Madras, located in south eastern India, was one of the most significant cities in India under the British administration. The finest pieces of Madras silver were produced by Indian craftsmen working for European-run firms, unlike the silver produced in other regions of India which was crafted by independent craftsmen. The largest European firm was P. Orr & Sons of Madras; they were responsible for the encouragement of the 'swami' style of decoration. 'Swami'ornamentation depicts Hindu deities and mythological figures, and the style was a huge success in Europe and Great Britain. Despite European market trends, the silversmiths of Madras established a strong indigenous style which concentrated on the traditional illustration of their gods.

Swami designs were deep, and exhibited fine and intricate detailing, which enabled the specific figures to be easily identifiable. The Hindu tradition of religious art comprises the images of deities, illustrations of characters and episodes from epics like the Ramayana. The stories of the ten avatars of Vishnu are some of the most popular depictions in the silverware from this region.

The most frequent deities represented in Madras silverware are Vishnu, Shiva, Parvati, Brahma and Surya. Also depicted are Angi, Brahma, Durga, Ganesh, Indra, Kali, Kama, Parvati, Shiva, Vishnu, and Yama; most of the gods are riding their vahana, or their associated animal, in these depictions.
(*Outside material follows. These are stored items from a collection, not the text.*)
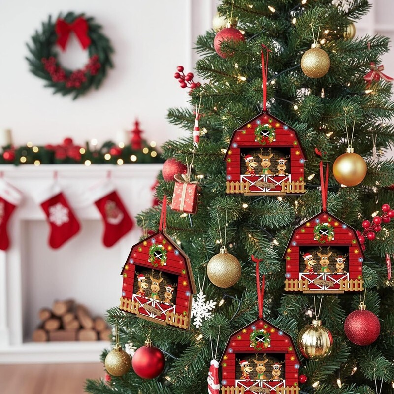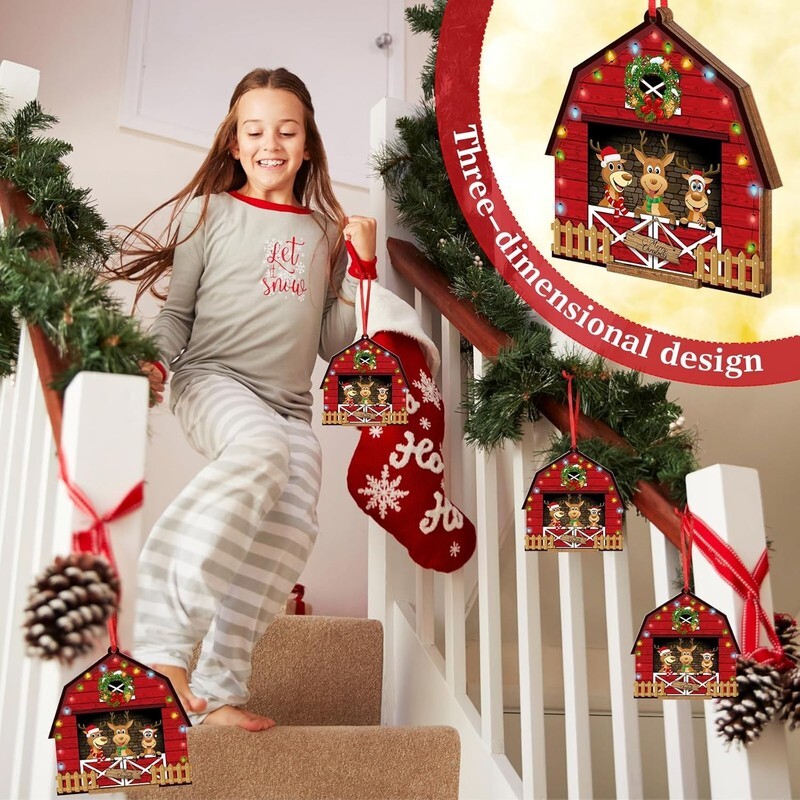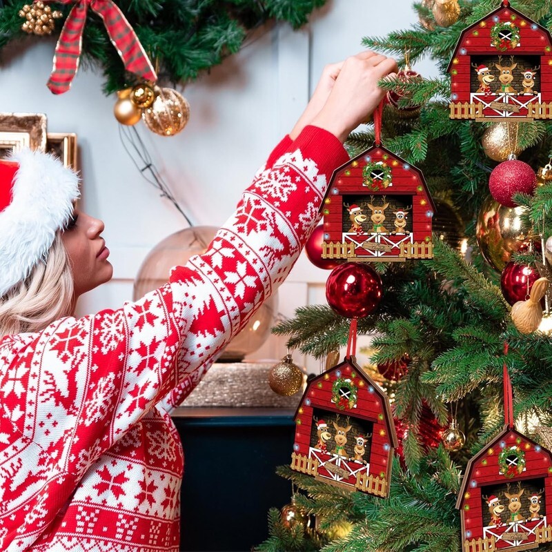 Unique 3D Holiday Design: Crafted with layered depth, the stable scene of reindeer, decorated with colorful lights and wreaths, these deer Christmas tree hanging decorations create a warm Christmas atmosphere that enhances any seasonal decor.
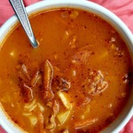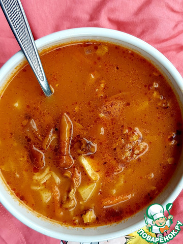 Положить рис поджаренный лук, грибы, томат, аджику, хмели-сунели, давленный чеснок, посолить и поперчить.
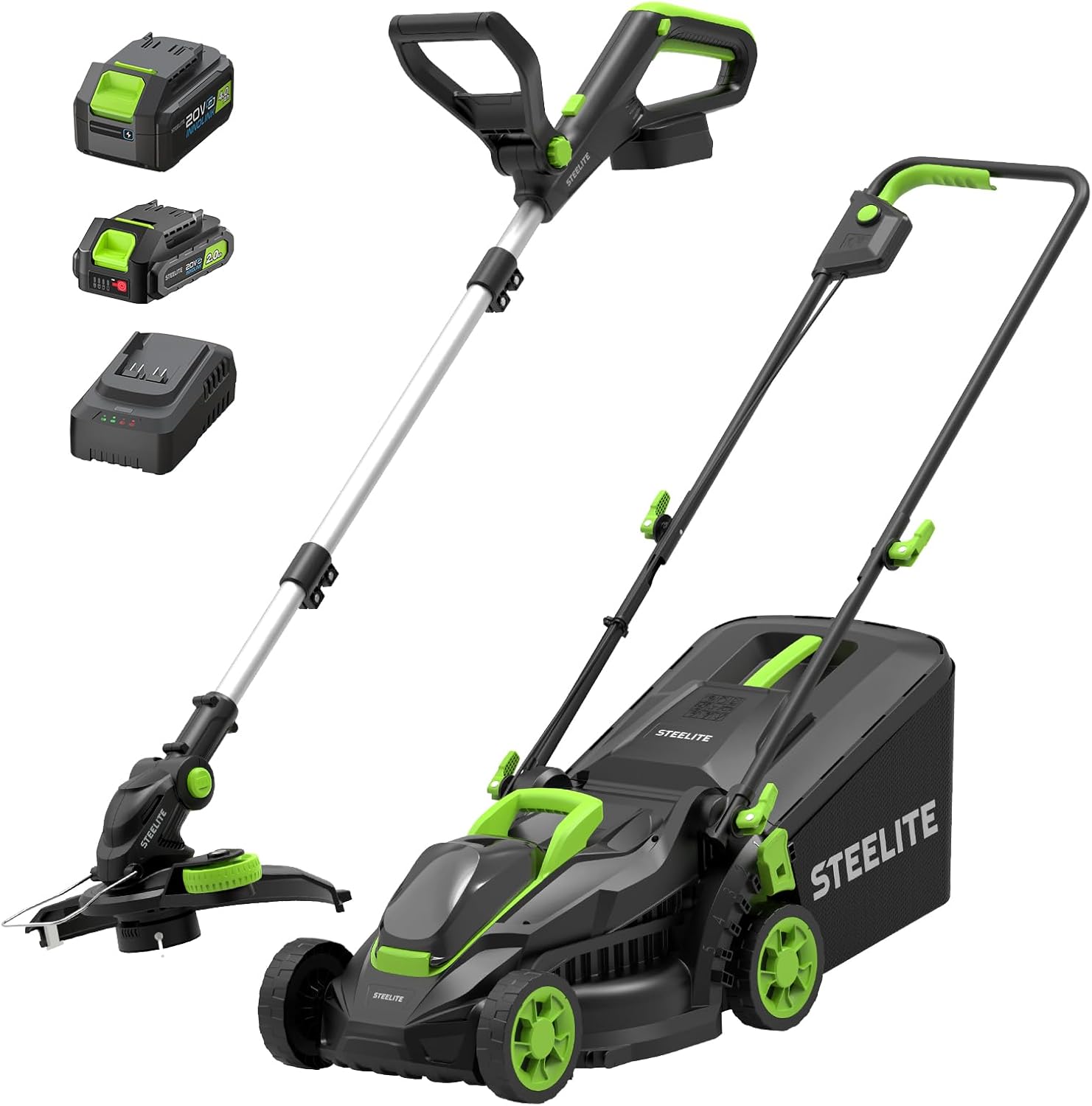 Ultra-Lightweight & Effortless Maneuverability: The walk-behind mower weighs only 20.5 lbs, making it easy to lift, push, and steer around flower beds, trees, and tight corners. The compact 13-inch deck glides through small yards and slopes with ease. The string trimmer features a lightweight design and adjustable handle, reducing arm fatigue during extended edging tasks—perfect for users of all ages and strengths
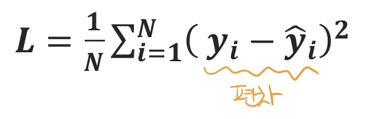 - ex. MSE (Mean Square Error) : 회귀모델의 대표 손실함수
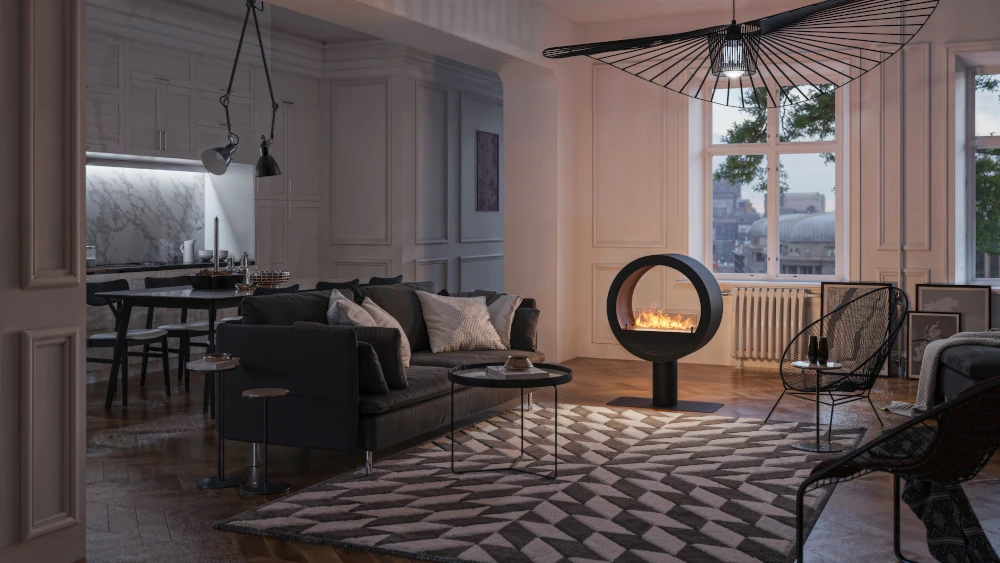 InFire Incyrcle Stand 2Side on kahepoolne vabaltseisev biokamin, mis oma kauni disainiga sobib ideaalselt kaasaegsesse või loft-tüüpi interjööri.
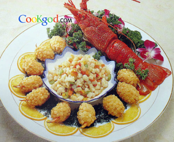 第一种:海鲜菜谱蟹钳龙虾海鲜粒做法
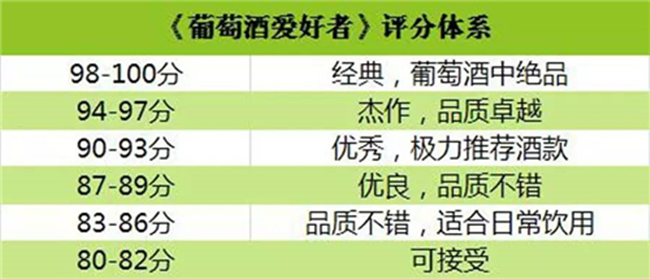 從上列表格中可以看出,這些評(píng)分體系的區(qū)間也不太相同,比如 82 分在《葡萄酒愛好者》評(píng)分體系中屬于可接受的品質(zhì),而在《葡萄酒觀察家》評(píng)分體系中卻代表優(yōu)良品質(zhì),再次說明不同評(píng)分體系給予的分?jǐn)?shù)不具有對(duì)比性。
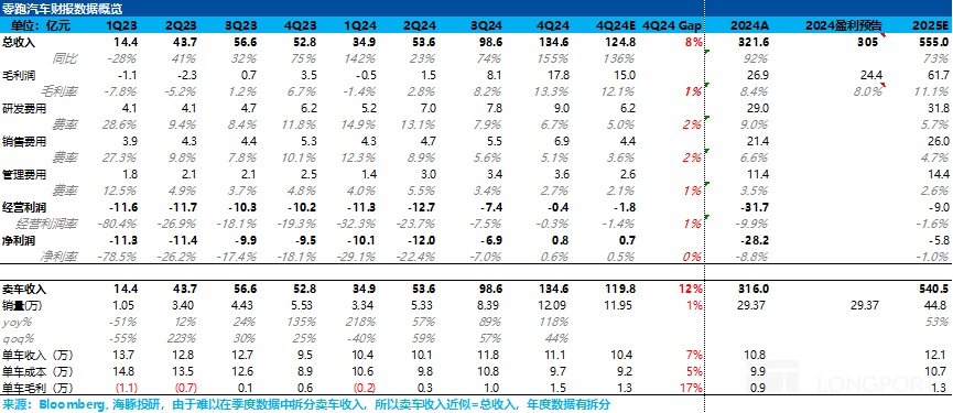 $零跑汽车(09863.HK) 零跑汽车 (9863.HK) 于北京时间 3 月 10 日港股盘后发布了 2024 年第四季度财报。由于零跑已经提前发布了盈利预告,但最后业绩仍然非常不错,超出盈利预告指引和市场预期。具体来看:
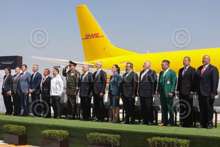 Andrés Manuel López Obrador, presidente de México; Luis Cresencio Sandoval, secretario de la Defensa Nacional; Claudia Sheinbaum, jefa de Gobierno; Alfredo del Mazo, gobernador del Estado de México; Julio Menchaca, y directivos de la empresa DHL, encabezaron la ceremonia de arribo del primer vuelo de carga en el Aeropuerto Internacional Felipe Ángeles (AIFA).
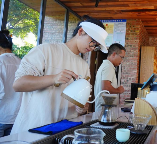 咖啡师在咖啡庄园制作咖啡。 记者 杨艳鹏 摄
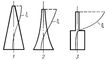 Рис. 2. Волноводные резонансные акустические концентраторы: 1 — конический, 2 — экспоненциальный, 3 — ступенчатый, x — распределение амплитуды колебаний.
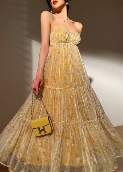 Graduation Gift Back to School Season Summer Dress Spring Outfit Modern Yellow Print Bustier Patchwork Exra Large Hem Silk Spaghetti Strap Dresses Sleeveless
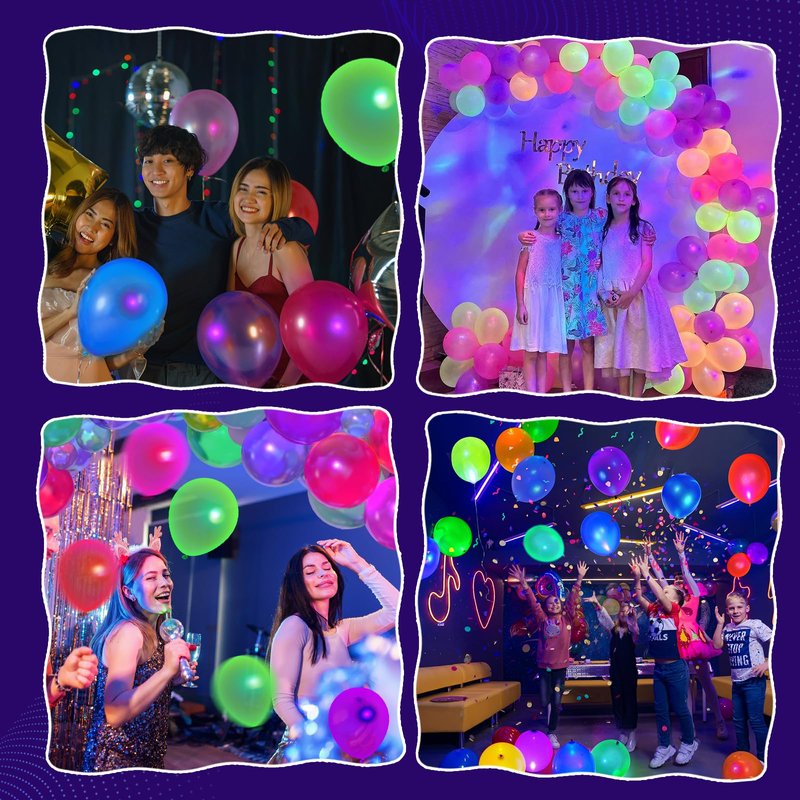 Brightly colored neon party balloons that are bright in daylight but glow in black light, perfect for an essential part of any black light themed event such as black light parties, carnivals, baby showers, bridal showers, weddings, birthday parties, and more.
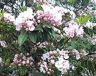 シェナンドースカイラインではこの花が道の両側に自然に一杯、咲いていて本当にきれいでした。石楠花のように見えましたが側へ寄ってみると全然違う花でマウンテン・ローレルというそうです。 |
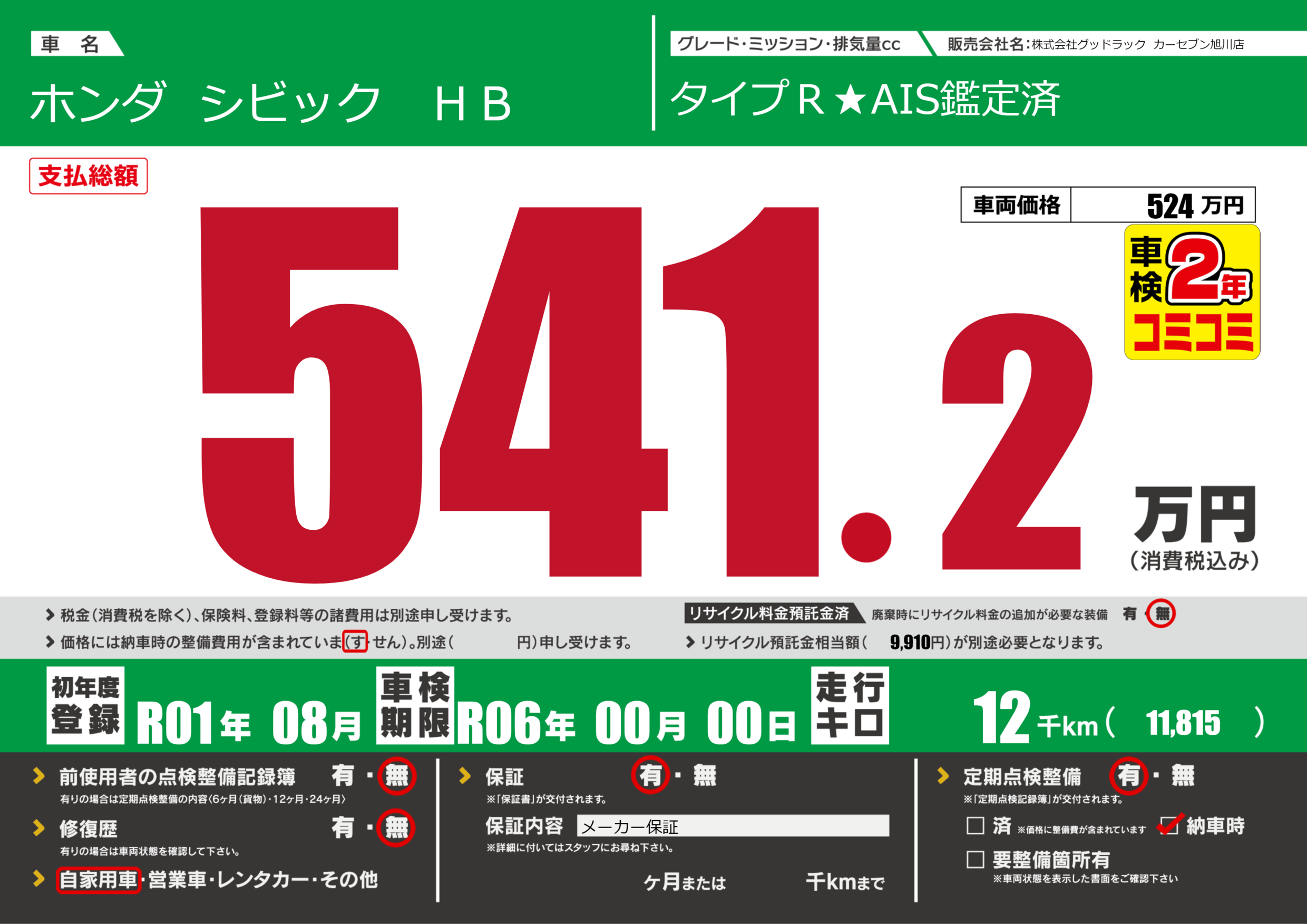 | 車検制限 | R06年 00月 00日 | ||
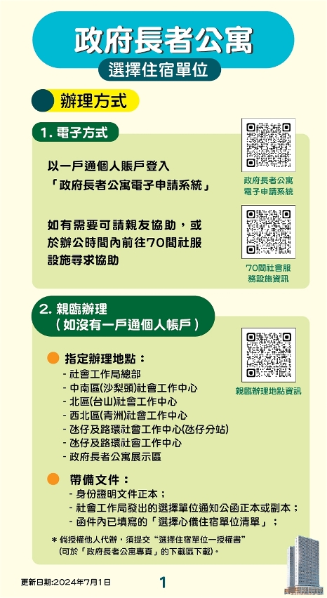【即時新聞】社會工作局自7月8日起分批安排合資格申請人選擇心儀的住宿單位,詳情可參考“政府長者公寓專頁”https://www.ias.gov.mo/government_elderly_apartments之“選擇單位資料”,基本情況如下:

One of the most prominent of Bangalore's silverware makers is C. Krishna Chetty, a firm that was founded in 1869. Chetty's silverwork was exhibited both in Delhi in 1903 and Lahore in 1909. C. Krishna Chetty became very adept and widely known for their versions of the "Calcutta Bhowanipore" and "Bengal rural" styles. Apart from Barton & Sons, C. Krishna Chetty was the leading maker of silver objects in Bangalore.